Microdomain [Ca²⁺] near ryanodine receptors as reported by L-type Ca²⁺ and Na+/Ca²⁺ exchange currents

Abstract

During Ca²⁺ release from the sarcoplasmic reticulum triggered by Ca²⁺ influx through L-type Ca²⁺ channels (LTCCs), [Ca²⁺] near release sites ([Ca²⁺]nrs) temporarily exceeds global cytosolic [Ca²⁺]. [Ca²⁺]nrs can at present not be measured directly but the Na+/Ca2+ exchanger (NCX) near release sites and LTCCs also experience [Ca²⁺]nrs. We have tested the hypothesis that ICaL and INCX could be calibrated to report [Ca²⁺]nrs and would report different time course and values for local [Ca²⁺]. Experiments were performed in pig ventricular myocytes (whole-cell voltage-clamp, Fluo-3 to monitor global cytosolic [Ca²⁺], 37◦C). [Ca²⁺]nrs-dependent inactivation of ICaL during a step to +10 mV peaked around 10 ms. For INCX we computationally isolateda current fraction activated by [Ca²⁺]nrs; values were maximal at 10 ms into depolarization. The recovery of [Ca²⁺]nrs was comparable with both reporters (>90% within 50 ms).

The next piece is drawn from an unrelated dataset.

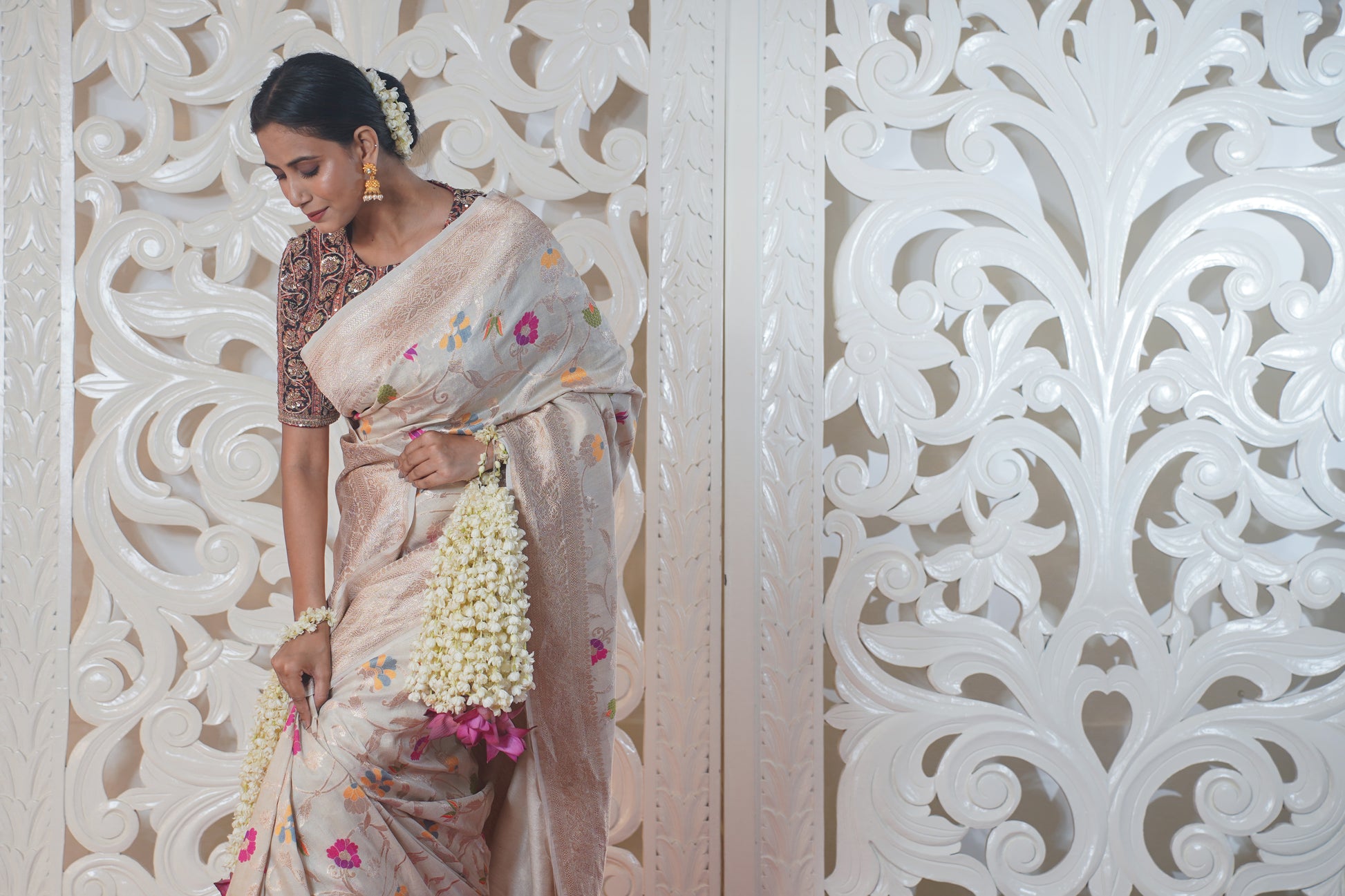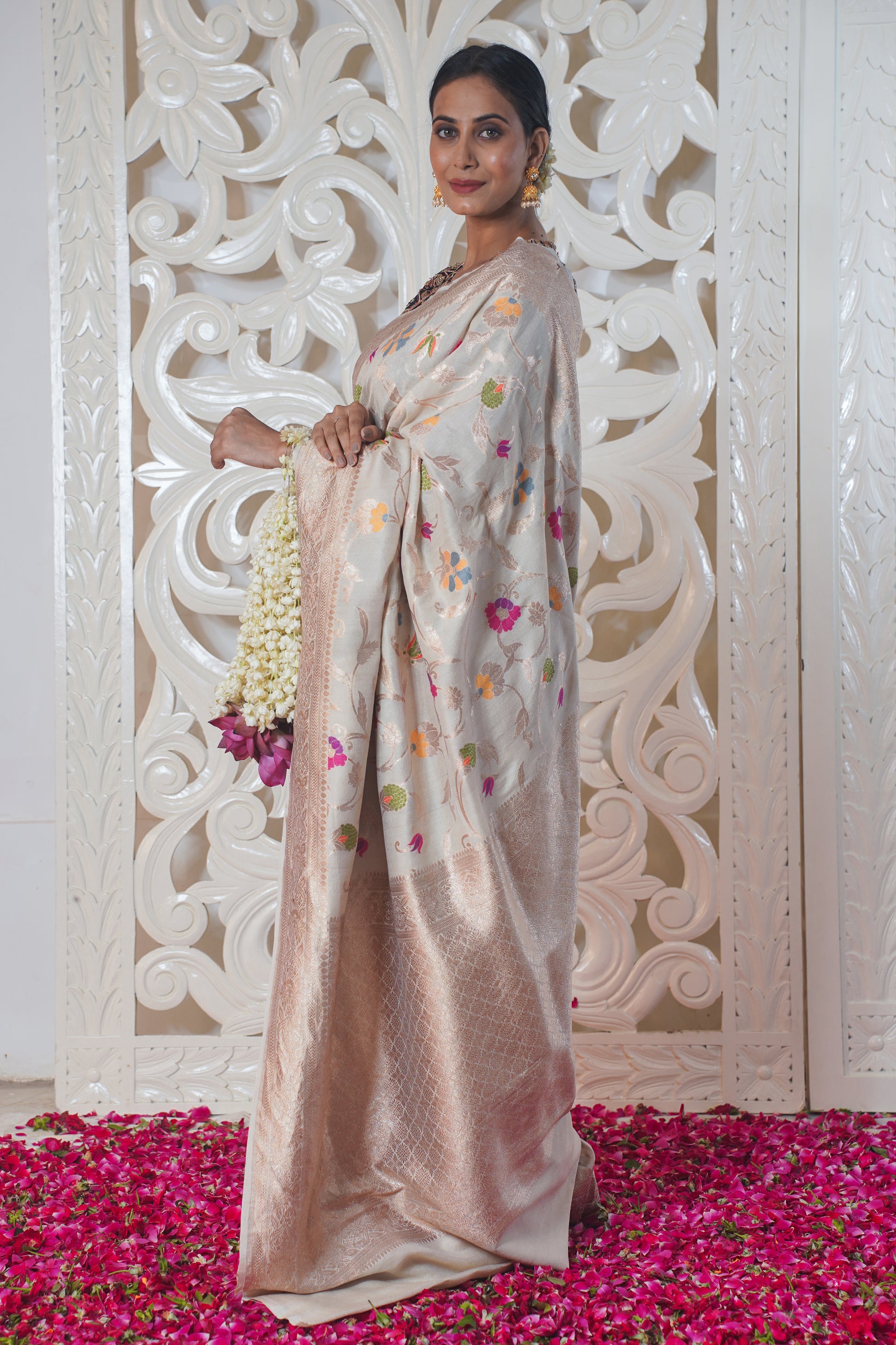 "Virasat 142" White Pure Silk Banarasi Saree With Meenakari work
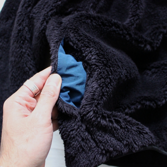某アウトドアブランドをイメージするフリースですが、サイジングなどにファッション性を落とし込んだ

Calibration yielded maximal values for [Ca²⁺]nrs between 10 and 15 μmol l⁻¹ with both methods. When applied to a step to less positive potentials (-30 to -20 mV), the time course of [Ca²⁺]nrs was slower but peak values were not very different. In conclusion, both ICaL inactivation and INCX activation, using a subcomponent analysis, can be used to report dynamic changes of [Ca²⁺]nrs. Absolute values obtained by these different methods are within the same range, suggesting that they are reporting on a similar functional compartment near ryanodine receptors. Comparable [Ca²⁺]nrs at +10 mV and -20 mV suggests that, although the number of activated release sites differs at these potentials, local gradients at release sites can reach similar values.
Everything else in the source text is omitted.